Important Considerations

It's essential to note that these treatment options are not specific to COXPD-54 and may have varying degrees of success. Moreover, the effectiveness of these treatments can depend on individual patient factors, such as the severity of symptoms and underlying genetic mutations.

References:

[1] by AJ Kuszak · 2018 · Cited by 25 — [2] by L Zhang · 2020 · Cited by 29 — [3] by S DiMauro · 2009 · Cited by 103 — [4] by MJH Coenen · 2004 · Cited by 212

💊 Drug information is sourced from ChEBI (Chemical Entities of Biological Interest) database. Always consult with a healthcare professional before starting any medication. Click on any medication name for detailed information.

Differential Diagnosis

Combined oxidative phosphorylation deficiency 54 (COXPD54) is a severe multisystem disorder that can be challenging to diagnose due to its variable manifestations and overlapping symptoms with other conditions. Here are some key points to consider in the differential diagnosis of COXPD54:

  • Metabolic disorders: COXPD54 is characterized by metabolic decompensation, lactic acidosis, and failure to thrive [5]. These symptoms can also be seen in other metabolic disorders such as pyruvate dehydrogenase deficiency (PDD) and mitochondrial trifunctional protein deficiency (MTPD).
  • Mitochondrial encephalopathies: COXPD54 is a mitochondrial disorder that affects the brain, leading to encephalopathy [9]. Other conditions that can present with similar symptoms include MELAS syndrome, Leigh disease, and Alpers-Huttenlocher syndrome.
  • Muscle disorders: COXPD54 is associated with muscular hypotonia and hypertonia [4]. These symptoms can also be seen in other muscle disorders such as myotonic dystrophy and congenital muscular dystrophies.
  • Liver diseases: COXPD54 is characterized by liver dysfunction, including hepatomegaly and liver failure [5]. Other conditions that can present with similar symptoms include Wilson's disease, alpha-1 antitrypsin deficiency, and mitochondrial DNA depletion syndrome.

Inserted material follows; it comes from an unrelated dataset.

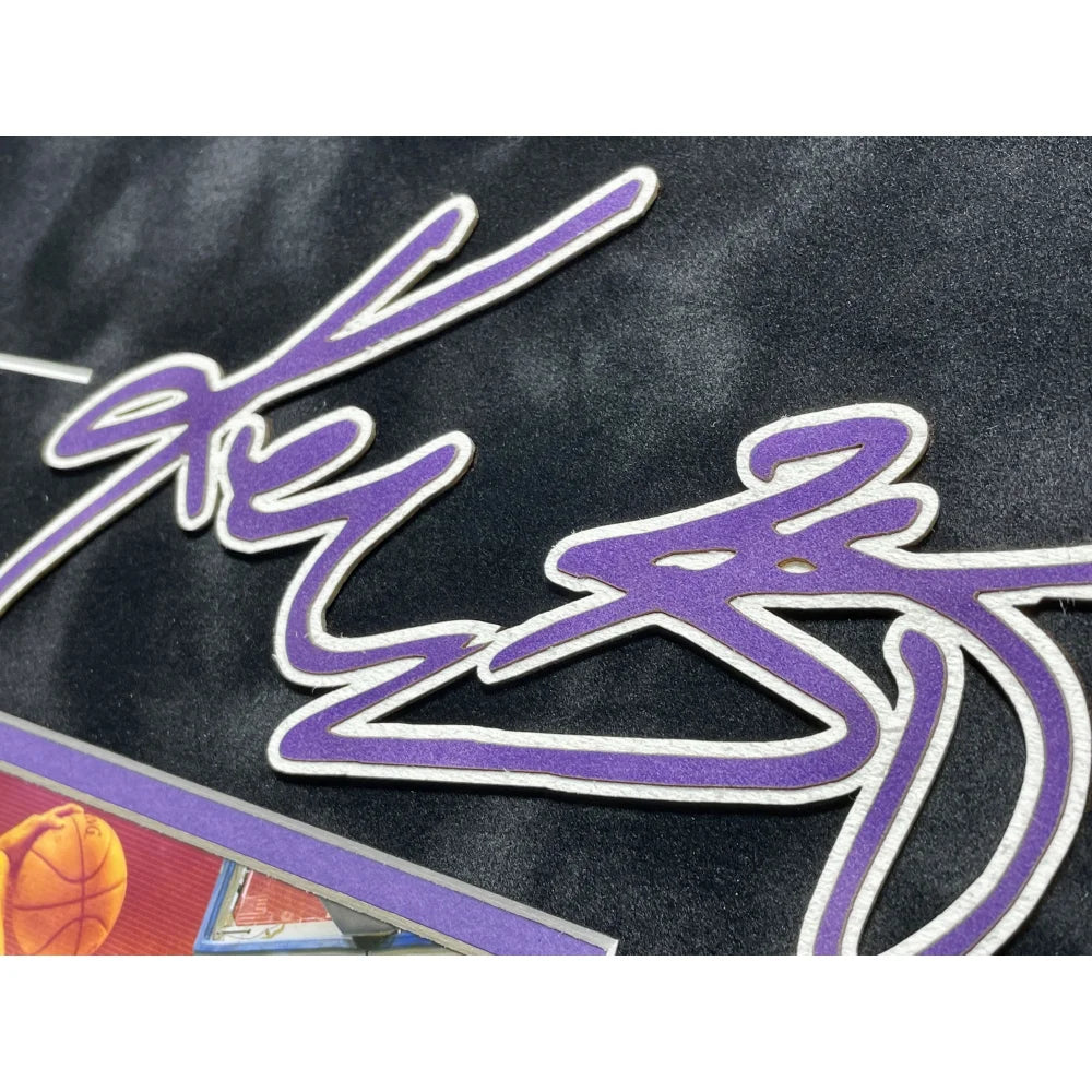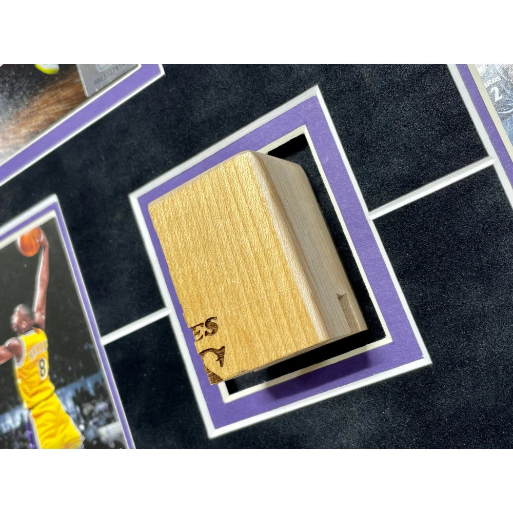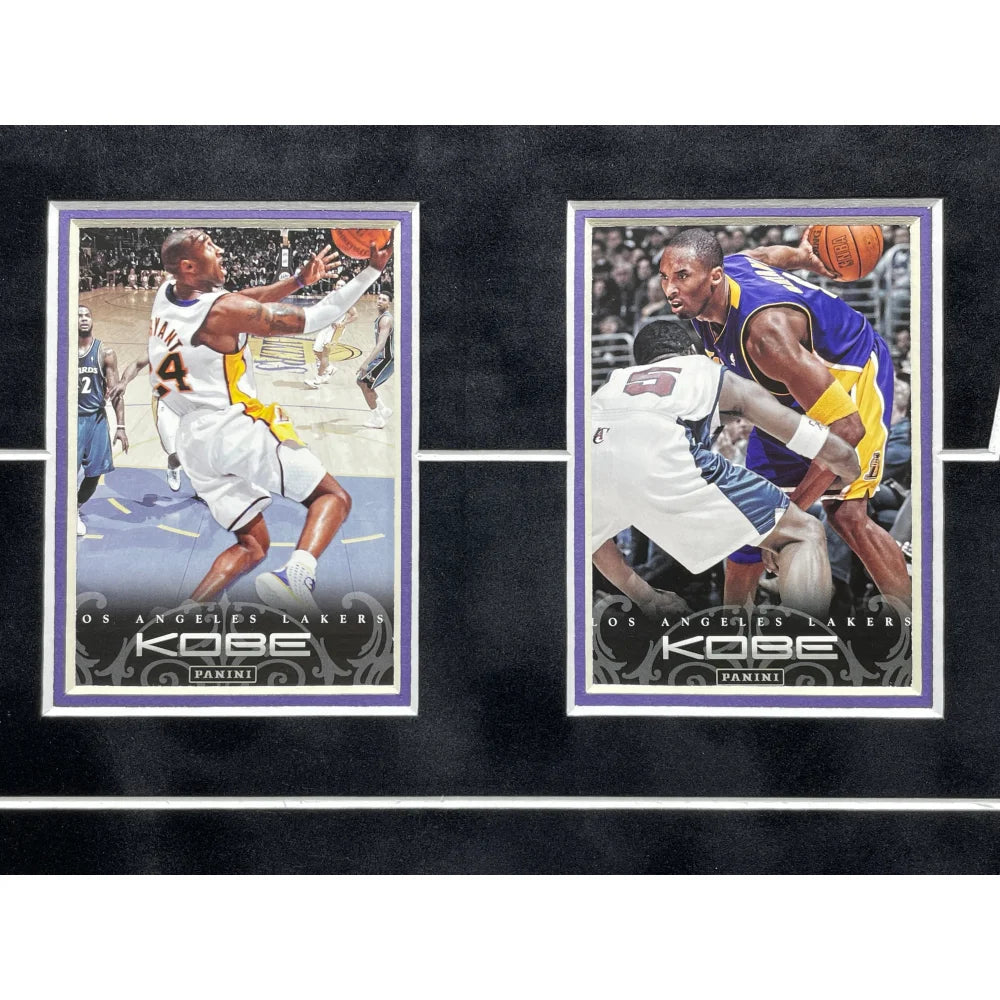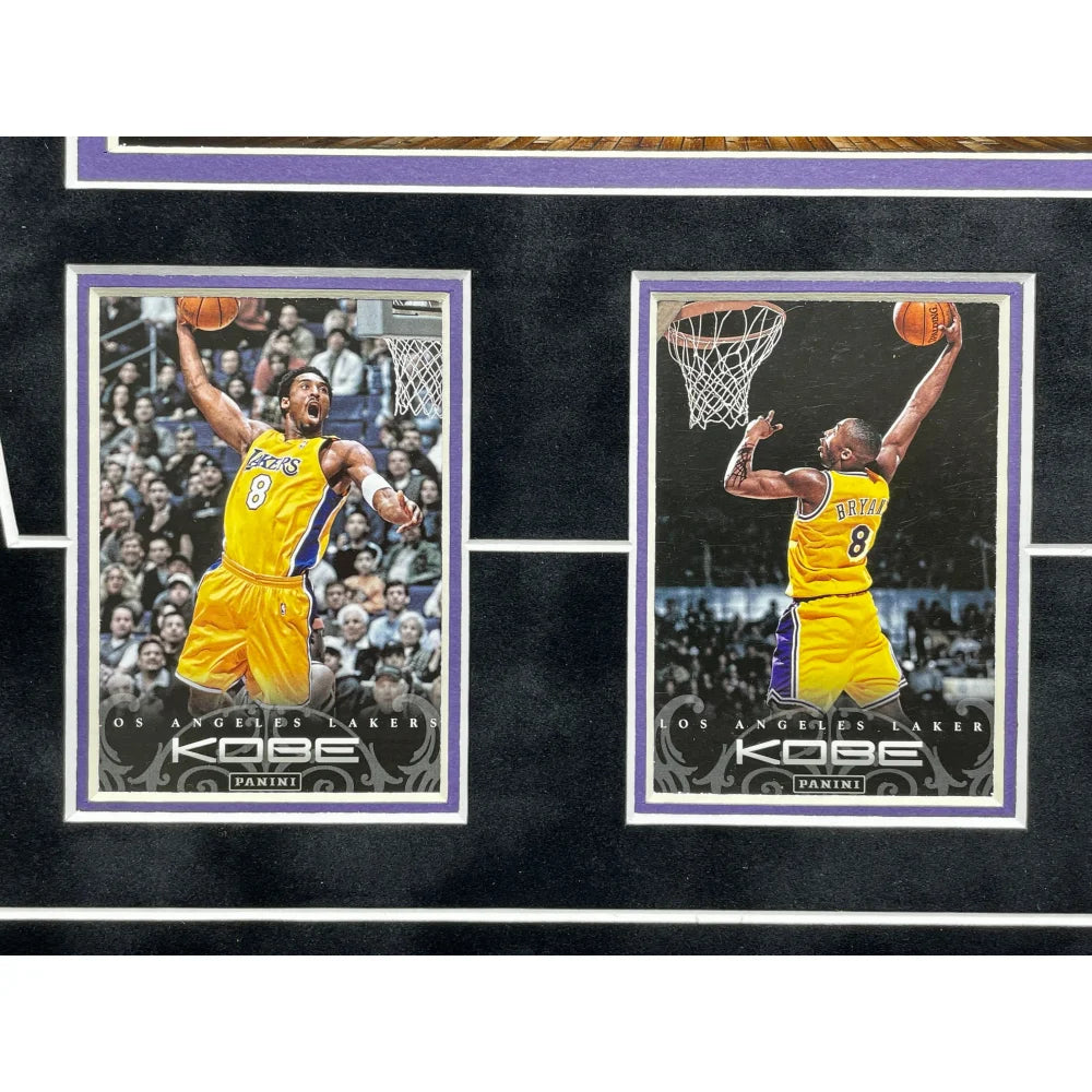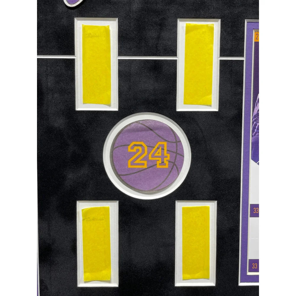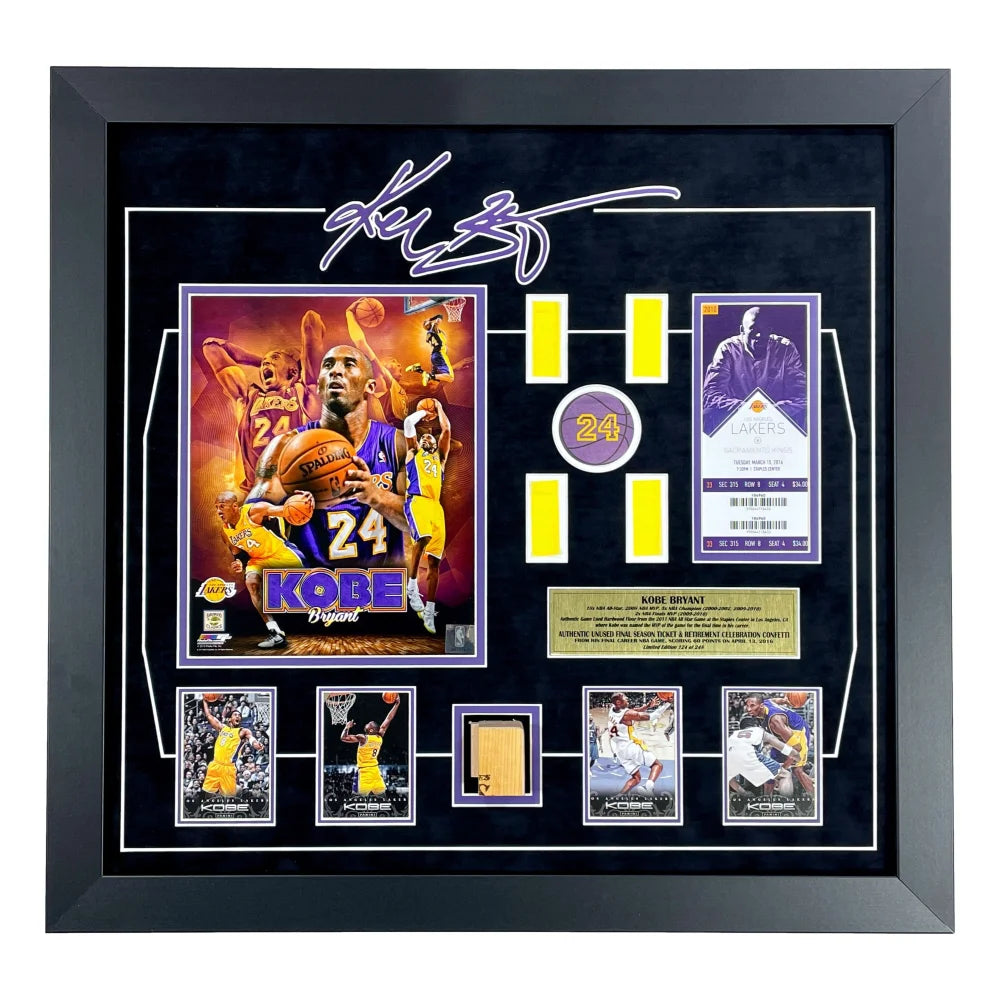 This piece comes professionally museum quality custom framed as a shadowbox in team color matting, a black frame, an 8" x 10" photo, a laser cut Kobe Bryant facsimile signature at the top of the collage, a gold nameplate depicting information about some of Kobe's career accolades and the confetti, a plexiglass display with 4 authentic Kobe trading cards. This frame measures approximately 23.5" x 22.5" x 2" in size.

To differentiate COXPD54 from other conditions, it is essential to consider the following:

  • Genetic testing: Genetic analysis can help confirm the diagnosis of COXPD54 by identifying mutations in the MT-ATP6 gene [2].
  • Biochemical tests: Biochemical tests such as lactate and pyruvate levels can help differentiate COXPD54 from other metabolic disorders.
  • Imaging studies: Imaging studies such as MRI and CT scans can help identify brain abnormalities associated with COXPD54.

It is essential to note that the diagnosis of COXPD54 requires a comprehensive evaluation by a multidisciplinary team of healthcare professionals, including geneticists, neurologists, and metabolic specialists.